The book Ukraina och informationskriget — journalistik mellan ideal och självcensur (in Swedish) offers an impressive empirical contribution to the broader debate on the role of journalism and media in conflicts. The study is the result of a project by media scholars in Sweden, Ukraine, Russia, and Poland. It provides a systematic analysis of the media coverage in these four countries during the earlier parts of the conflict in eastern Ukraine.

The book asks several questions: first, which angles of the conflict are presented in the media; second, which sources are used, and in which ways does disinformation matter for media logic; and third, what is the role of the journalist, and what challenges for journalistic ideals can be identified when covering an armed conflict. Although the book only covers the conflict during the summer of 2014, it includes several insights. In order to put the study into a broader context the book also includes individual chapters about media control and journalism, media and war in authoritarian and democratic states, the Russian news channel RT, and disinformation.

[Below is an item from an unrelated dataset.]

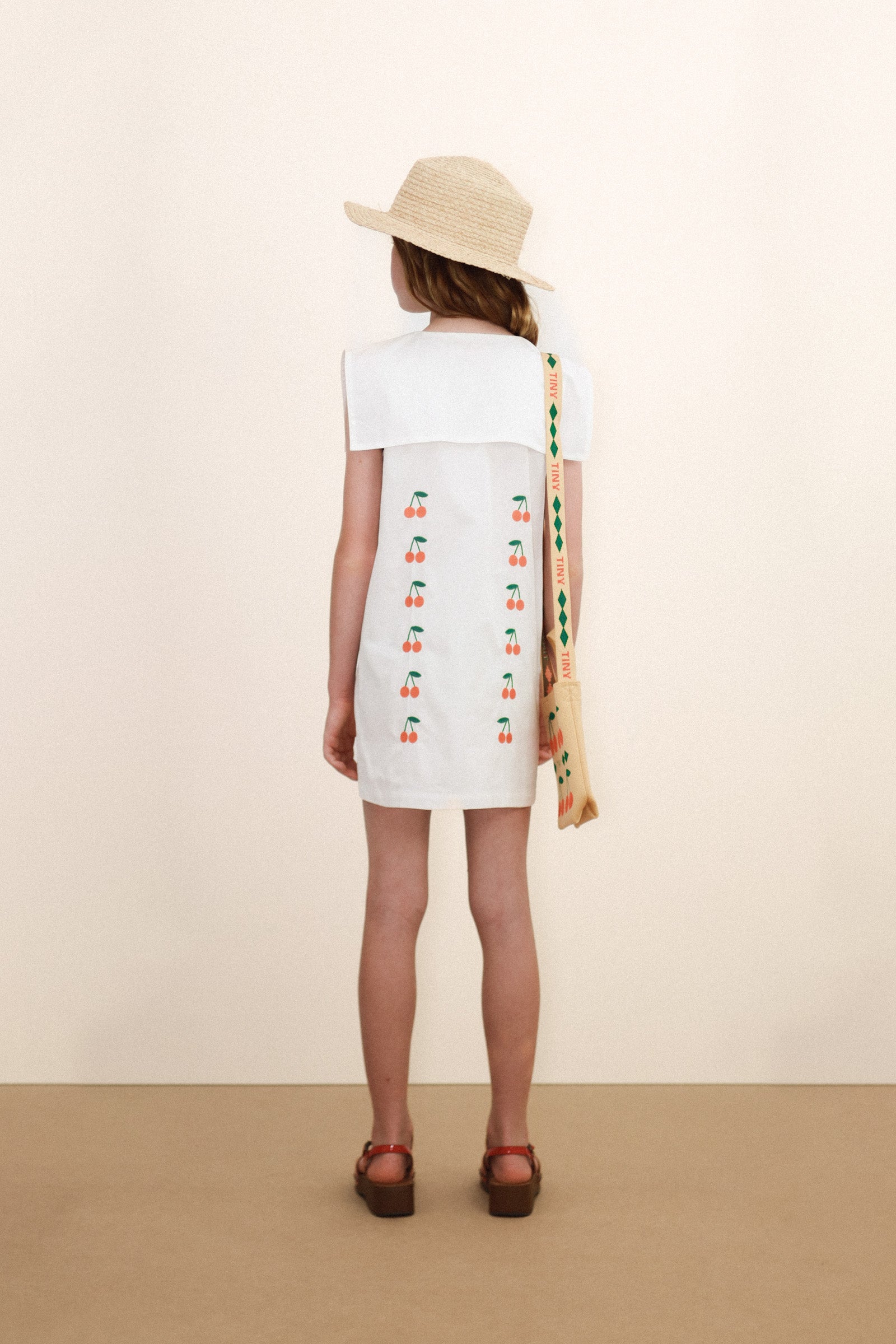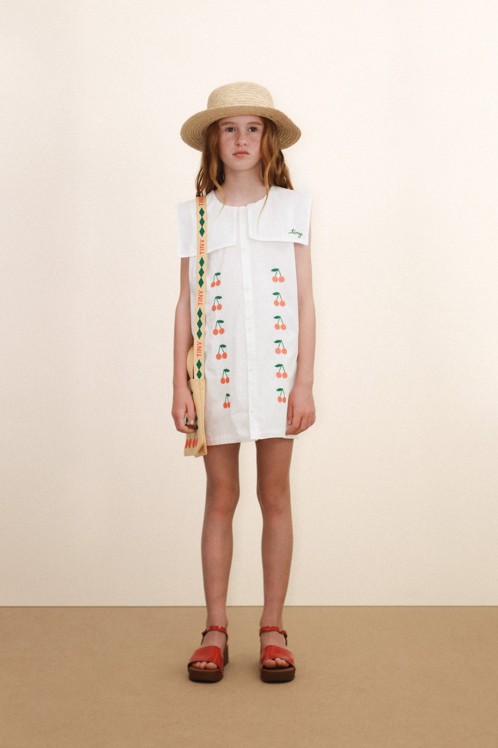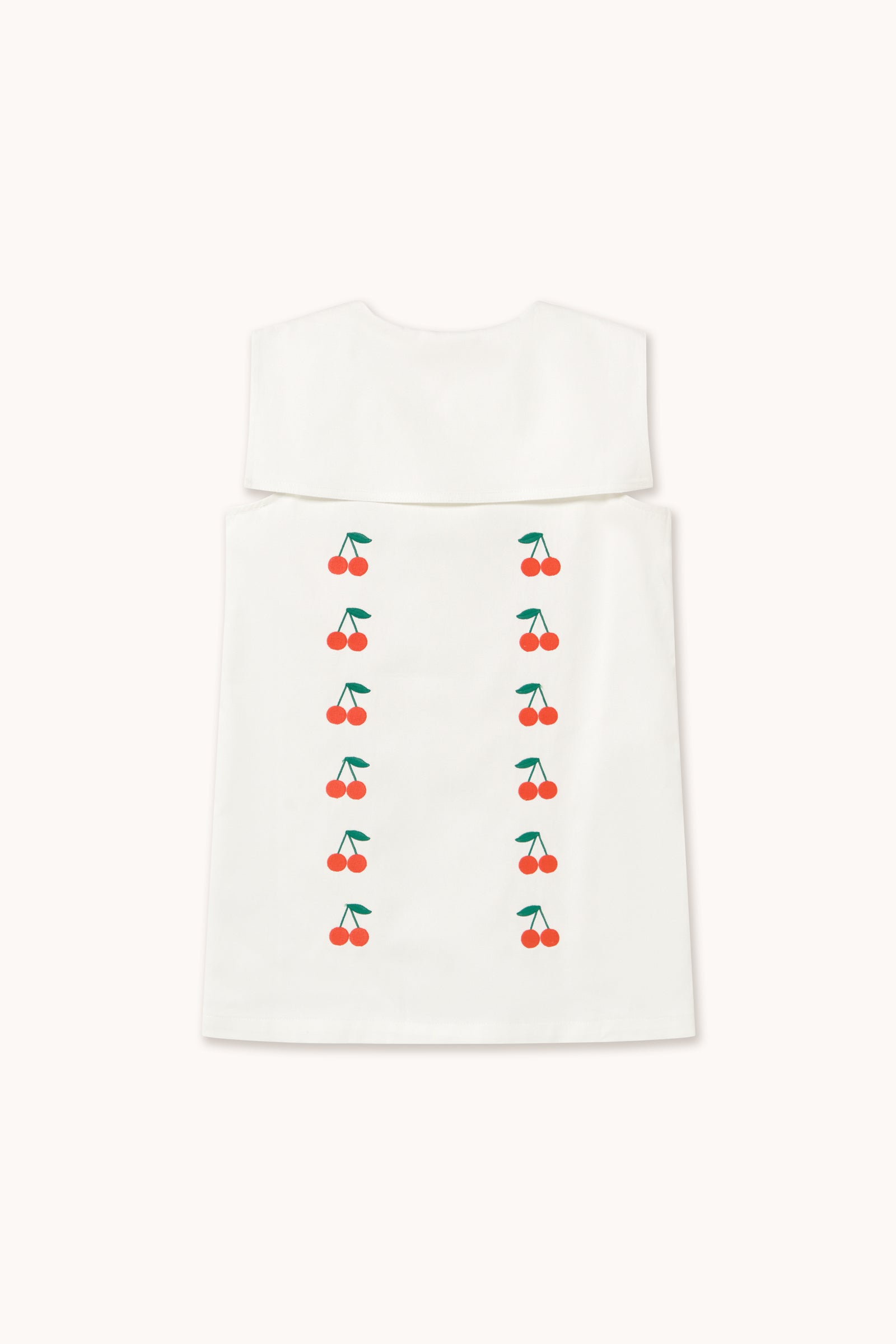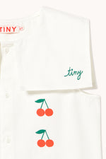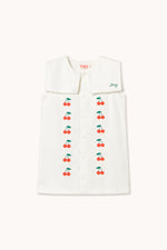 Ši trumpa minkšto vidutinio storio tvilo suknelė su balkšvu pagrindu ir siuvinėta „Mini Cherries“ raštu derina klasikinį dizainą su subtiliu prisilietimu. Ji turi priekyje sagomis užsegamą susegamą sruogą iki pat apačios ir kvadratinę jūreivio apykaklę, kuri suteikia elegantišką ir žavingą įvaizdį, puikiai tinkančią bet kokiai progai.

To analytically describe the role played by journalists in different countries during this period, Gunnar Nygren works with two criteria: first, the level of political-military control over media, and second, the journalistic culture in a state. As an example of high level political-military control, he cites the embedded journalists used by the United States government during the Gulf War, while a low level of control was seen during the Vietnam War. Journalistic culture is divided into either a neutral ideal or a subjective, more activist journalistic ideal. Taken together these two variables give us four possible types of state-media relations. The book’s strengths clearly are on the empirical side, and the main goal of the book is not theory development. Although one could certainly criticize the framework for being overly simplistic, it works quite well, not the least given the complex cross-country comparison the authors are undertaking.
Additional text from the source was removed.